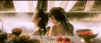 小白和小青在家中洗澡,許仙路過時不小心看到王祖賢的嫣然一笑。
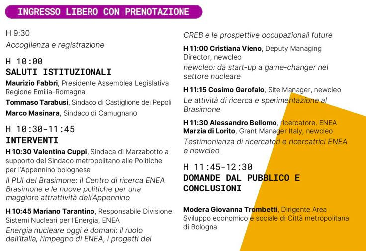 Il 29 maggio 2025, dalle 9:30 alle 12:30, il Teatro Comunale di Castiglione dei Pepoli ospiterà l’incontro “Energia e innovazione: dall’Appennino costruiamo il futuro – Con Enea e newcleo, ricerca e sviluppo per nuove opportunità“, un evento promosso da Bologna Innovation Square – Appennino e Comune di Castiglione dei Pepoli per presentare lo stato di avanzamento degli investimenti e dei progetti di ricerca di ENEA e newcleo sul territorio dell’Appennino bolognese.
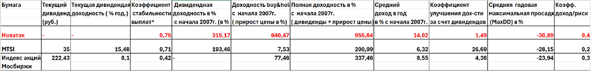 В таблице 1 приведены, как и в предыдущем исследовании по МТС, показатели исторической дивидендной доходности, доходности «buy&hold» от прироста цены, показатели стабильности выплат дивидендов и рыночного риска. Вся статистика приведена с января 2007 г. В таблице, кроме данных по Новатэку (они выделены красным цветом) приведены цифры по индексу акций Мосбиржи. Цифры по МТС из прошлого обзора я тоже привел, для сравнения. Конечно, сравнивать две акции из принципиально разных отраслей экономики- несколько странно, но если мы считаем их инструментами для получения долгосрочного дивидендного дохода, то почему бы не сравнить с этой точки зрения? В дальнейшем этот список будет пополняться за счет других российских дивидендных бумаг, и действительно, будет что сравнить. В отличие от МТС, по Новатэку нет показателя ближайшего дивиденда и текущей дивидендной доходности, которую можно получить уже сейчас, поскольку промежуточный дивиденд за 2025 год по нему уже выплачен в мае текущего года. А по планируемой дивидендной выплате в октябре еще не утвержден ни размер, ни дата «отсечки». Поэтому тут сравнивать нечего. Начнем со стабильности выплат дивидендов. За них в таблице отвечает коэффициент стабильности выплат. О нем подробно я также рассказывал в предыдущем исследовании по акциям МТС. Чем ближе этот коэффициент к 1, тем стабильнее компания платит дивиденды и регулярно повышает их размер. Так вот, у Новатэка этот показатель гораздо выше среднерыночного (0.75 против 0,42) и даже несколько выше, чем у МТС, которая, как выяснилось из прошлого обзора, вполне себе может считаться дивидендной акцией на нашем рынке. Перейдем к доходности. А вот тут Новатэк удивил, и по сравнению с МТС. и по сравнению с индексом. Пассивная доходность «buy&hold» за восемнадцать с лишним лет составила 640,5%, что значительно выше среднерыночной доходности индекса 77,5% за этот же период. С МТС же вообще бессмысленно сравнивать, эта бумага, как мы уже знаем, почти не выросла за долгие 18 лет. И это при том, что Новатэк по стабильности выплат даже несколько лучше МТС (коэффициент стабильности выплат 0.75 против 0,71 у МТС). Получается, Новатэк, и без дивидендов исторически давал более-менее приемлемую доходность для инвестора. Но и дивиденды тоже вносили весьма приличную добавку в итоговую, полную доходность: они увеличили ее в 1,5 раза (коэффициент улучшения 1,49), до 955%. Это соответствует примерно 14% ежегодного дохода для инвестора, если считать по ставке сложного процента. Конечно, это не сравнить с влиянием дивидендных выплат на итоговую доходность МТС: как видно из таблицы, дивиденды подняли доходность МТС почти в 27 раз! (коэффициент улучшения 26,59). Но при этом. итоговая полная доходность для инвестора (дивиденды + рост цены) у МТС намного хуже, чем у Новатэка: примерно 6,32% ежегодного дохода по ставке сложного процента. В общем, как по стабильности дивидендов, так и по итоговой, полной доходности для инвестора получаем, что Новатэк намного лучше МТС и даже лучше рынка в среднем: итоговая полная доходность индекса Мосбиржи составляет 8,55% ежегодно по ставке сложного процента. Теперь поговорим и рисках. Рыночный риск измеряем с помощью показателя максимальной просадки (MaxDD). Подробно о том, что это за показатель, также было рассказано в предыдущей статье про МТС. Как видно из таблицы, этот показатель
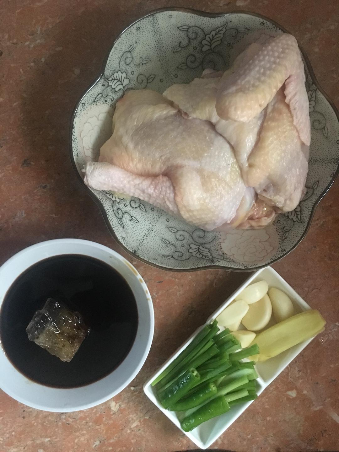 把鸡洗干净,沥水后切块;(个人建议不要把鸡皮去掉) 姜切片,蒜米保留整颗不切(因为切片或者切烂的话很容易糊,数量可以根据个人喜好增减,不可以不要); 葱切段,青辣椒切段(喜欢辣的可以把青辣椒换成小米辣)
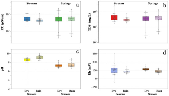 Box-and-Whisker plots for physicochemical parameters of surface water and springs for the dry and rainy seasons: (a) Electrical Conductivity (EC), (b) Total Dissolved Solids (TDS), (c) pH, and (d) oxidation–reduction potential (Eh).
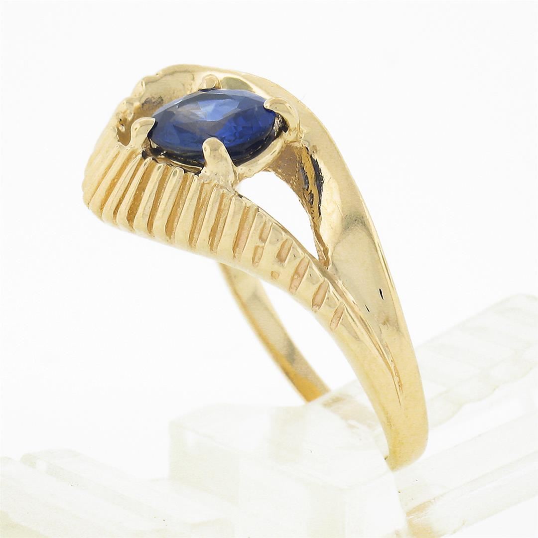 A solid 14k yellow gold ring, with 1 oval cut natural sapphire (0.80ct). The ring is size 4.0, weighs a total of 3.78 grams, and measures 11.90mm wide.
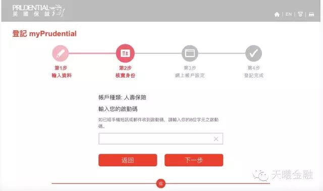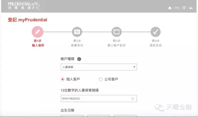 3. 帐户种类请选择“人寿保险”,填入您名下任何一张保单的号码,填入出生日期和身份证号码(国内客户请填入中国身份证号码),点击下一步。
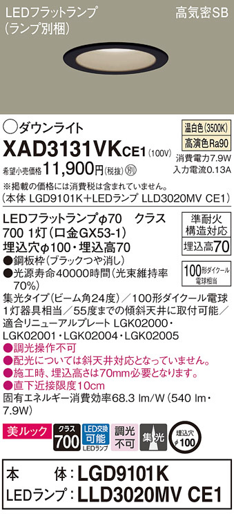 Panasonic ¥À¥¦¥ó¥é¥¤¥È XAD3131VKCE1
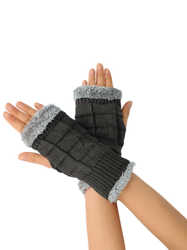 Guantes de punto sin dedos gruesos y cálidos con forro polar
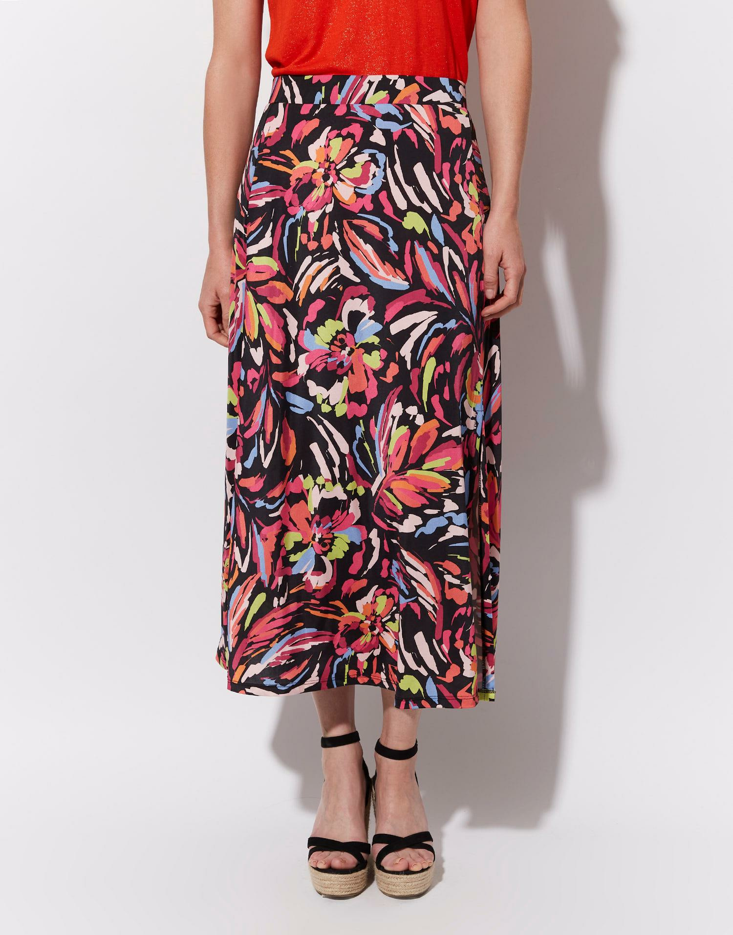 Affirmez votre élégance avec la jupe midi imprimée NOIR de RIU Paris, un indispensable pour sublimer vos looks estivaux. Sa coupe fluide et sa fente subtile révèlent vos jambes avec finesse, pour un style à la fois audacieux et raffiné.
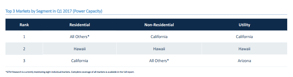在2017年1季度,用戶側(cè)儲能安裝較2016年4季度降低了21%。同時,住宅用儲能市場發(fā)展相對平緩,環(huán)比降低了1%。相比之下,非住宅用儲能市場降低了24%,導致大幅下滑的主要原因是萬眾期待的下一階段的自發(fā)電激勵計劃(Self-Generation Incentive Program)在很大程度上造成了加州非住宅用儲能市場的急劇下降。
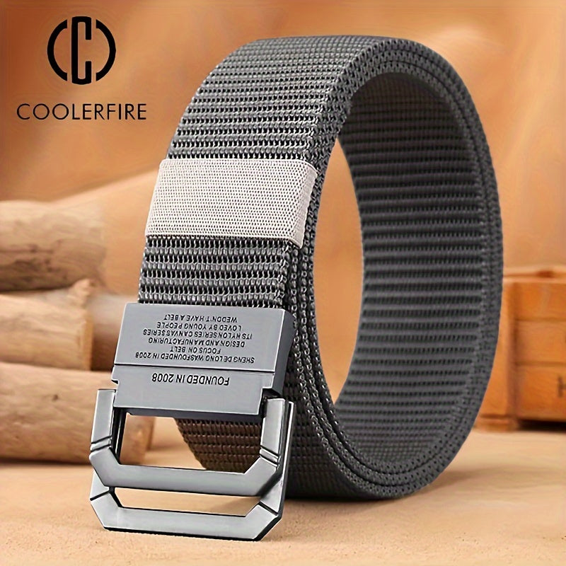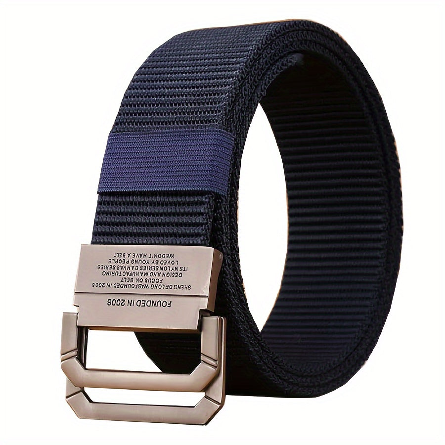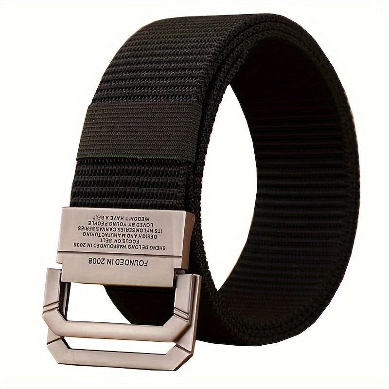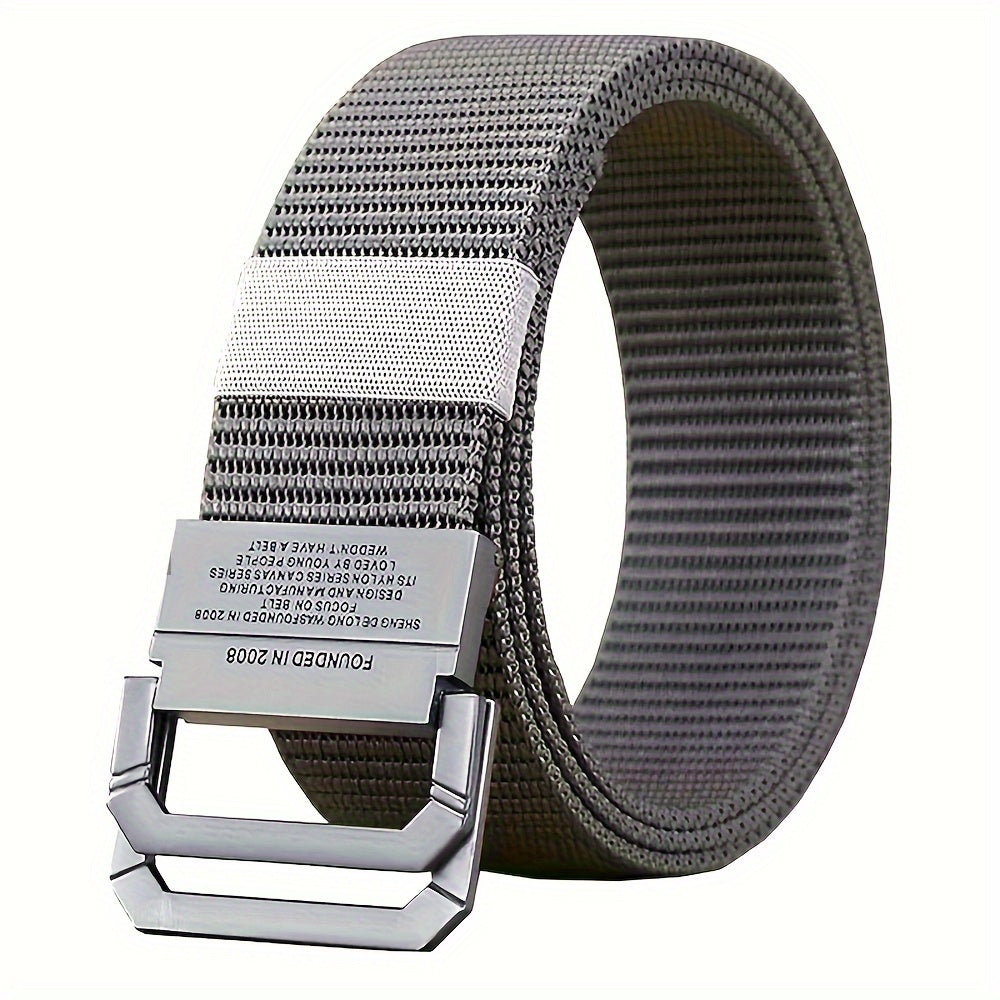 This tactical military style men's belt features a double buckle alloy buckle and durable canvas fabric. It is perfect for outdoor activities or casual wear.
○ ○ ○
◆ Exercise requirements ◆
Each line of the listing above should be retyped exactly, with no pictures.

◆ Written answer ◆
 小白和小青在家中洗澡,許仙路過時不小心看到王祖賢的嫣然一笑。
 Il 29 maggio 2025, dalle 9:30 alle 12:30, il Teatro Comunale di Castiglione dei Pepoli ospiterà l’incontro “Energia e innovazione: dall’Appennino costruiamo il futuro – Con Enea e newcleo, ricerca e sviluppo per nuove opportunità“, un evento promosso da Bologna Innovation Square – Appennino e Comune di Castiglione dei Pepoli per presentare lo stato di avanzamento degli investimenti e dei progetti di ricerca di ENEA e newcleo sul territorio dell’Appennino bolognese.
 В таблице 1 приведены, как и в предыдущем исследовании по МТС, показатели исторической дивидендной доходности, доходности «buy&hold» от прироста цены, показатели стабильности выплат дивидендов и рыночного риска. Вся статистика приведена с января 2007 г. В таблице, кроме данных по Новатэку (они выделены красным цветом) приведены цифры по индексу акций Мосбиржи. Цифры по МТС из прошлого обзора я тоже привел, для сравнения. Конечно, сравнивать две акции из принципиально разных отраслей экономики- несколько странно, но если мы считаем их инструментами для получения долгосрочного дивидендного дохода, то почему бы не сравнить с этой точки зрения? В дальнейшем этот список будет пополняться за счет других российских дивидендных бумаг, и действительно, будет что сравнить. В отличие от МТС, по Новатэку нет показателя ближайшего дивиденда и текущей дивидендной доходности, которую можно получить уже сейчас, поскольку промежуточный дивиденд за 2025 год по нему уже выплачен в мае текущего года. А по планируемой дивидендной выплате в октябре еще не утвержден ни размер, ни дата «отсечки». Поэтому тут сравнивать нечего. Начнем со стабильности выплат дивидендов. За них в таблице отвечает коэффициент стабильности выплат. О нем подробно я также рассказывал в предыдущем исследовании по акциям МТС. Чем ближе этот коэффициент к 1, тем стабильнее компания платит дивиденды и регулярно повышает их размер. Так вот, у Новатэка этот показатель гораздо выше среднерыночного (0.75 против 0,42) и даже несколько выше, чем у МТС, которая, как выяснилось из прошлого обзора, вполне себе может считаться дивидендной акцией на нашем рынке. Перейдем к доходности. А вот тут Новатэк удивил, и по сравнению с МТС. и по сравнению с индексом. Пассивная доходность «buy&hold» за восемнадцать с лишним лет составила 640,5%, что значительно выше среднерыночной доходности индекса 77,5% за этот же период. С МТС же вообще бессмысленно сравнивать, эта бумага, как мы уже знаем, почти не выросла за долгие 18 лет. И это при том, что Новатэк по стабильности выплат даже несколько лучше МТС (коэффициент стабильности выплат 0.75 против 0,71 у МТС). Получается, Новатэк, и без дивидендов исторически давал более-менее приемлемую доходность для инвестора. Но и дивиденды тоже вносили весьма приличную добавку в итоговую, полную доходность: они увеличили ее в 1,5 раза (коэффициент улучшения 1,49), до 955%. Это соответствует примерно 14% ежегодного дохода для инвестора, если считать по ставке сложного процента. Конечно, это не сравнить с влиянием дивидендных выплат на итоговую доходность МТС: как видно из таблицы, дивиденды подняли доходность МТС почти в 27 раз! (коэффициент улучшения 26,59). Но при этом. итоговая полная доходность для инвестора (дивиденды + рост цены) у МТС намного хуже, чем у Новатэка: примерно 6,32% ежегодного дохода по ставке сложного процента. В общем, как по стабильности дивидендов, так и по итоговой, полной доходности для инвестора получаем, что Новатэк намного лучше МТС и даже лучше рынка в среднем: итоговая полная доходность индекса Мосбиржи составляет 8,55% ежегодно по ставке сложного процента. Теперь поговорим и рисках. Рыночный риск измеряем с помощью показателя максимальной просадки (MaxDD). Подробно о том, что это за показатель, также было рассказано в предыдущей статье про МТС. Как видно из таблицы, этот показатель
 把鸡洗干净,沥水后切块;(个人建议不要把鸡皮去掉) 姜切片,蒜米保留整颗不切(因为切片或者切烂的话很容易糊,数量可以根据个人喜好增减,不可以不要); 葱切段,青辣椒切段(喜欢辣的可以把青辣椒换成小米辣)
 Box-and-Whisker plots for physicochemical parameters of surface water and springs for the dry and rainy seasons: (a) Electrical Conductivity (EC), (b) Total Dissolved Solids (TDS), (c) pH, and (d) oxidation–reduction potential (Eh).
 A solid 14k yellow gold ring, with 1 oval cut natural sapphire (0.80ct). The ring is size 4.0, weighs a total of 3.78 grams, and measures 11.90mm wide.
 3. 帐户种类请选择“人寿保险”,填入您名下任何一张保单的号码,填入出生日期和身份证号码(国内客户请填入中国身份证号码),点击下一步。
 Panasonic ¥À¥¦¥ó¥é¥¤¥È XAD3131VKCE1
 Guantes de punto sin dedos gruesos y cálidos con forro polar
 Affirmez votre élégance avec la jupe midi imprimée NOIR de RIU Paris, un indispensable pour sublimer vos looks estivaux. Sa coupe fluide et sa fente subtile révèlent vos jambes avec finesse, pour un style à la fois audacieux et raffiné.
在2017年1季度,用戶側(cè)儲能安裝較2016年4季度降低了21%。同時,住宅用儲能市場發(fā)展相對平緩,環(huán)比降低了1%。相比之下,非住宅用儲能市場降低了24%,導致大幅下滑的主要原因是萬眾期待的下一階段的自發(fā)電激勵計劃(Self-Generation Incentive Program)在很大程度上造成了加州非住宅用儲能市場的急劇下降。
 This tactical military style men's belt features a double buckle alloy buckle and durable canvas fabric. It is perfect for outdoor activities or casual wear.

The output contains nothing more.